Trash Can Policies Anger Some Raleigh Homeowners
Posted February 22, 2006 8:37 a.m. EST
RALEIGH, N.C. — Some Raleigh residents say a part of the new curbside collection should be trashed.
Under the new rules, residents can put their trash cans out anytime after sundown the day before collection and must bring their them in by sundown the day of pickup.
While the rules are very clear, many people don't have a clear-cut schedule, and that's why they say the rules need to change.
On Jan. 18, Margaret Harnish, a violin teacher, had a full schedule of evening lessons, so she put her trashcan by the curb at 1:30 p.m. on the day before collection. The next thing she knew, she said she had a $50 fine for putting her can out too early.
"I was stunned," Harnish said. "You can't stop a lesson and say I'll take a few minutes out of your lesson and take the trash out. You just can't do that."
Harnish appealed her fine to the Raleigh City Council, and won. But she's not stopping there. She wants the policy changed.
"There are lots of people like me who work in the afternoons and evening when the law doesn't work," Harnish said.
City Council member Philip Isley called the fines mean-spirited. He wants them outlawed altogether, or at least give residents more time to take their trash in and out.

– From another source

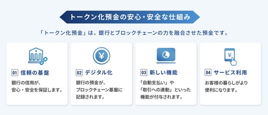 トークン化預金は、銀行預金をトークン化したもので、銀行預金と同じ安心・安全を備えながら、ブロックチェーンなどの技術を活用し、デジタル上で便利に使える預金です。取引記録や契約条件などのデータを連動させ、資金の流れのコントロールや自動化など、多様なサービスに活用できます。

"There's got to be some flexibility to allow people to live their lives, to get to and from work without being fined $50 for either retrieving their cans late or too early," Isley said.
The city's Public Works Committee will now examine the rules and consider extending the hours. But chairman Jesse Taliaferro thinks the fines have a purpose.
"We don't want people to store trash cans at the curb," said Taliaferro. "If there's no fine, that's what people will start to do."
Harnish just wants a law that makes sense, so everyone is on the same page.
"I think it's a poor policy," Harnish said.
Some of the complaints that have come in front of City Council involve the elderly. City leaders are urging them to take advantage of the special backyard service available to older individuals and the disabled.
Since the new trash collection began last January, more than 450 citations have been issued. Eighty-six of those were appealed. The Solid Waste Department granted 10 of those appeals. Three cases made it all the way to City Council, which waived the fines.